The document advises that archaeological remains are a finite and irreplaceable resource and that their presence should be a a material consideration in applications for new development. PPG 16 stresses the importance of the evaluation of a site for its archaeological potential in advance of development. This evaluation may involve non intrusive methods such as a desk-based study or geophysical survey and/or a more direct method such as trial trenching.

Following the results of initial evaluation, PPG16 offers two solutions for preserving any significant archaeological deposits on a development site. The first, and explicitly preferred, method involves preservation in situ whereby the archaeology is left untouched beneath a new development through methods such as adaptation of foundation design and architectural layout of the proposed new development, or by raising the level of the development with made ground so that its foundations do not reach the archaeological horizon.

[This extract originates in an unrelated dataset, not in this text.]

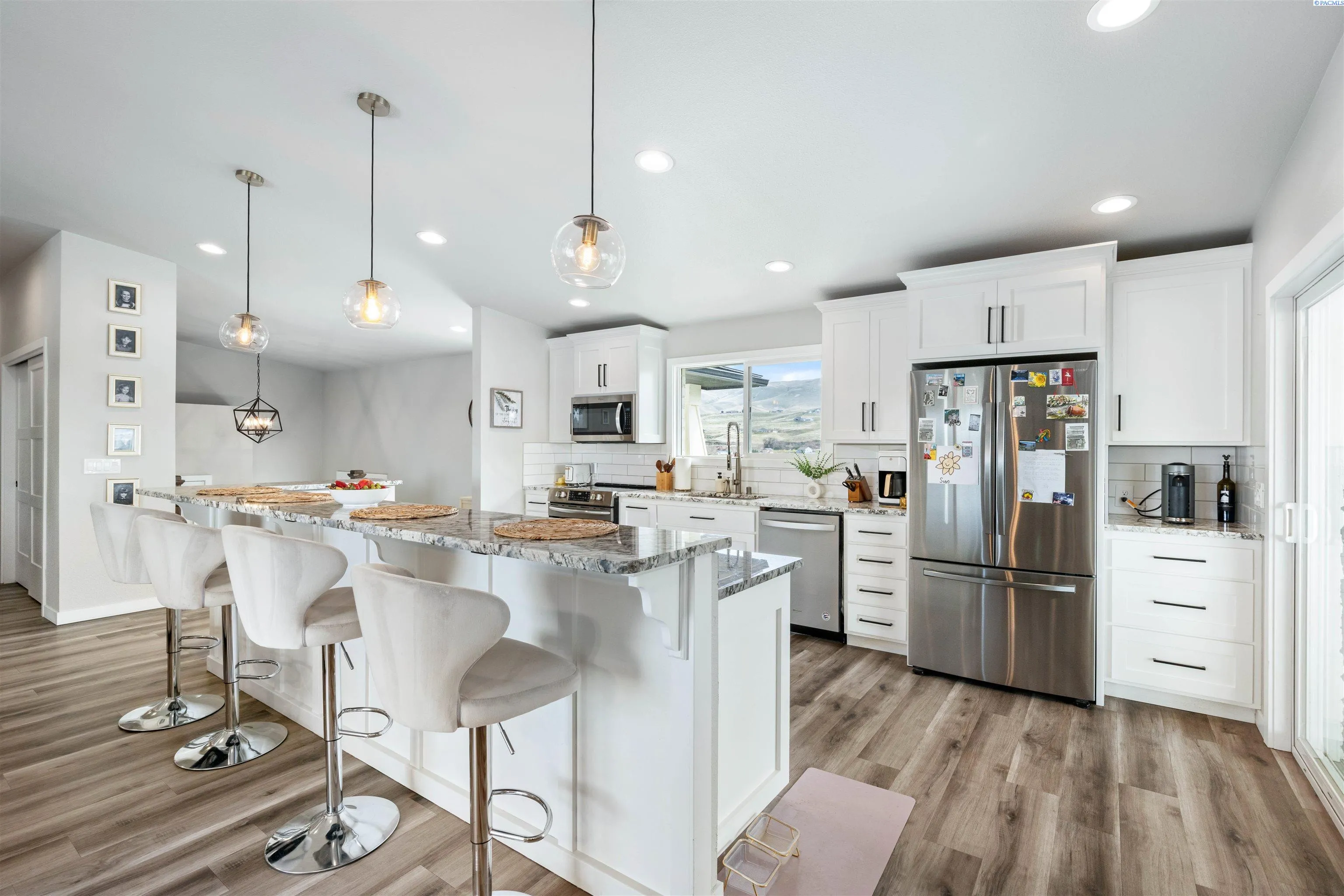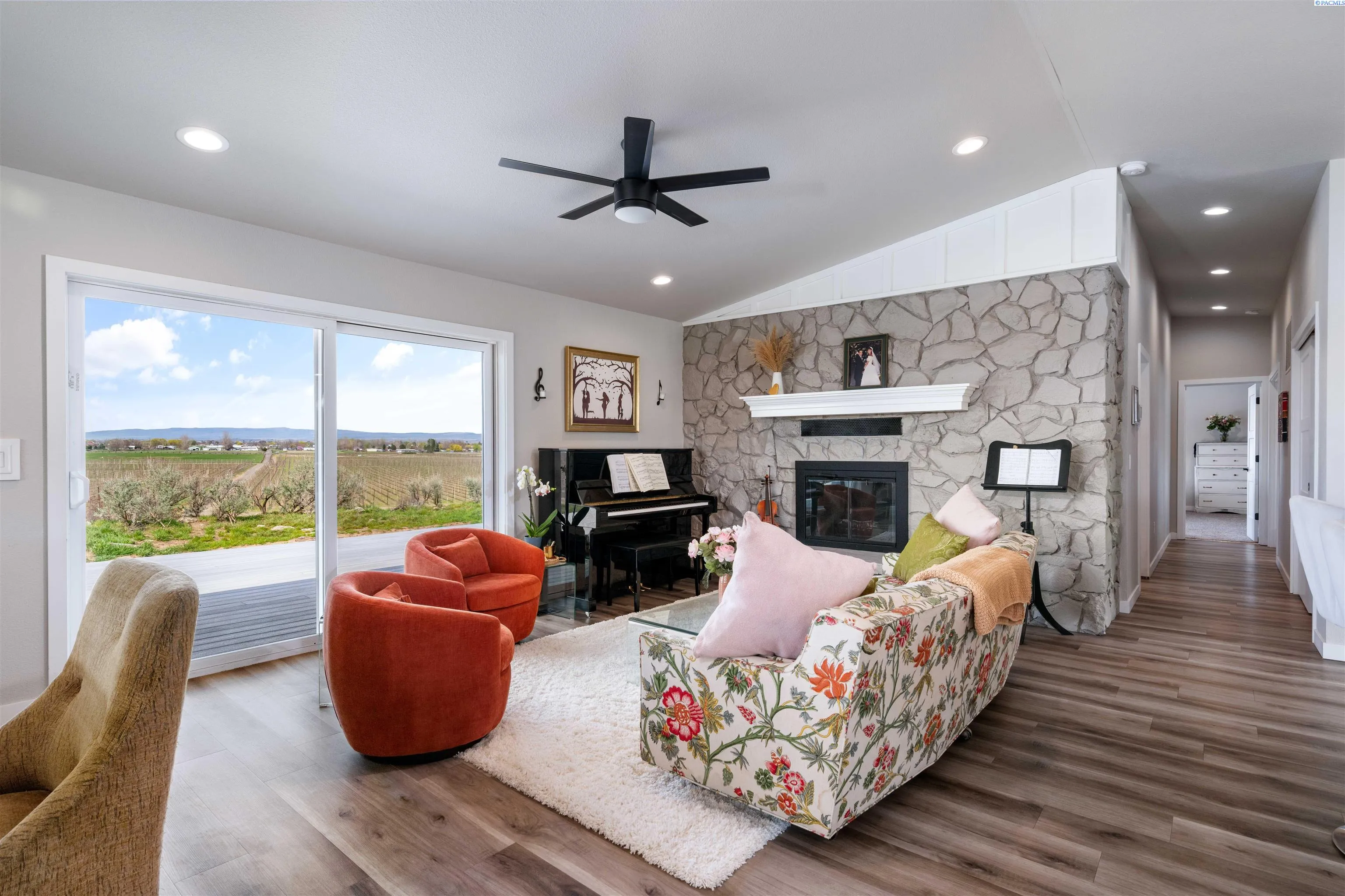MLS# 289673 Imagine waking up each day surrounded by sweeping views of the Yakima River, Mount Rainier, Mount Adams, and the Horse Heaven Hills. Set on just over 3 acres, this beautifully updated home offers a front row seat to some of the most breathtaking scenery in the area and a lifestyle that’s hard to replicate.Mornings begin with coffee on the covered patio, watching the light change over the hills. Evenings invite you out onto the wraparound Trex deck, where sunsets stretch across the river and mountains and the world feels a little quieter. From nearly every angle, the views remind you just how special this setting is.Inside, the main level is bright, open, and welcoming. The kitchen has been thoughtfully updated with stainless steel appliances, a spacious island, and soft close cabinetry, and even everyday moments like standing at the kitchen sink come with a view of the Horse Heaven Hills. The living and dining spaces flow together effortlessly, centered around a cozy wood burning fireplace that makes the home feel warm and inviting year round.The primary suite on the main level is a true retreat. With a large walk-in closet featuring built-ins, a private deck entrance, and an en-suite bath with a walk-in tile shower and dual vanities. A hot tub hookup on the deck makes it easy to unwind under the stars at the end of the day. The office, located just off the primary bedroom, offers a beautiful view, turning everyday work into something a little more enjoyable.Downstairs, the lower level is filled with natural light and offers a spacious family room with a Blaze King fireplace, two large bedrooms, a full bathroom, and a convenient laundry room. One of the bedrooms includes a private entrance, adding flexibility for guests, multi-generational living, or a home office setup. Plenty of storage throughout the home ensures everything has its place.With a two-car garage, a brand new 50-year roof installed in 2024, and a location that’s just 10 minutes to the new Prosser Memorial Hospital and 8 minutes to downtown Prosser, this home offers the rare balance of peaceful privacy and everyday convenience.This isn’t just a home—it’s a place to slow down, take in the views, and truly enjoy where you live. Come see it for yourself.

If preservation in situ is not feasible then PPG 16 permits preservation by record. This involves archaeological fieldwork to excavate and record finds and features (thereby destroying them). This may involve a full strip map and sample excavation, further trenching or an archaeological watching brief which involves an archaeologist monitoring groundworks for the new development and recording any finds or features revealed.

All forms of archaeological investigation undertaken through PPG 16 are funded by the developer through an extension of the Polluter Pays principle. The work is usually undertaken to satisfy a planning condition placed on an application for development. A developer tenders for the work to be done and chooses an archaeological organisation to retain. The work is monitored by a curator, normally the County Archaeologist, who is nominated by the local planning authority as an advisor and who also recommends planning conditions to be placed on new development applications. Following submission of a satisfactory site report, the curator will usually advise discharge of the condition so that development can continue.

Curators maintain a Sites and Monuments Record or SMR, a database of known archaeological sites which is often used to inform decisions on archaeological potential.

PPG 16 has resulted in an explosion in archaeological fieldwork in the UK. Developer funding has led to dozens of archaeological organisations competing for work along with archaeological consultants working for developers to oversee projects. This has contributed to the growing professionalisation of archaeology from its more ad hoc earlier incarnation as Rescue Archaeology. Also, a wider variety of archaeological methods are now employed including surveys of large areas for the puposes of Historic Landscape Characterisation, deposit models and the production of regional archaeological research agendas.

Critics of PPG 16 argue that the commercialisation of UK archaeology has resulted in more work of lower quality being undertaken; there is a certainly a liability of unpublished site reports and homeless site archives awaiting resolution. The competition for work amongst archaeologists, and the fact that the developers funding them have no real use for their final product, also tends to drive prices down meaning that wages and conditions for archaeologists in the UK are generally far below the national average.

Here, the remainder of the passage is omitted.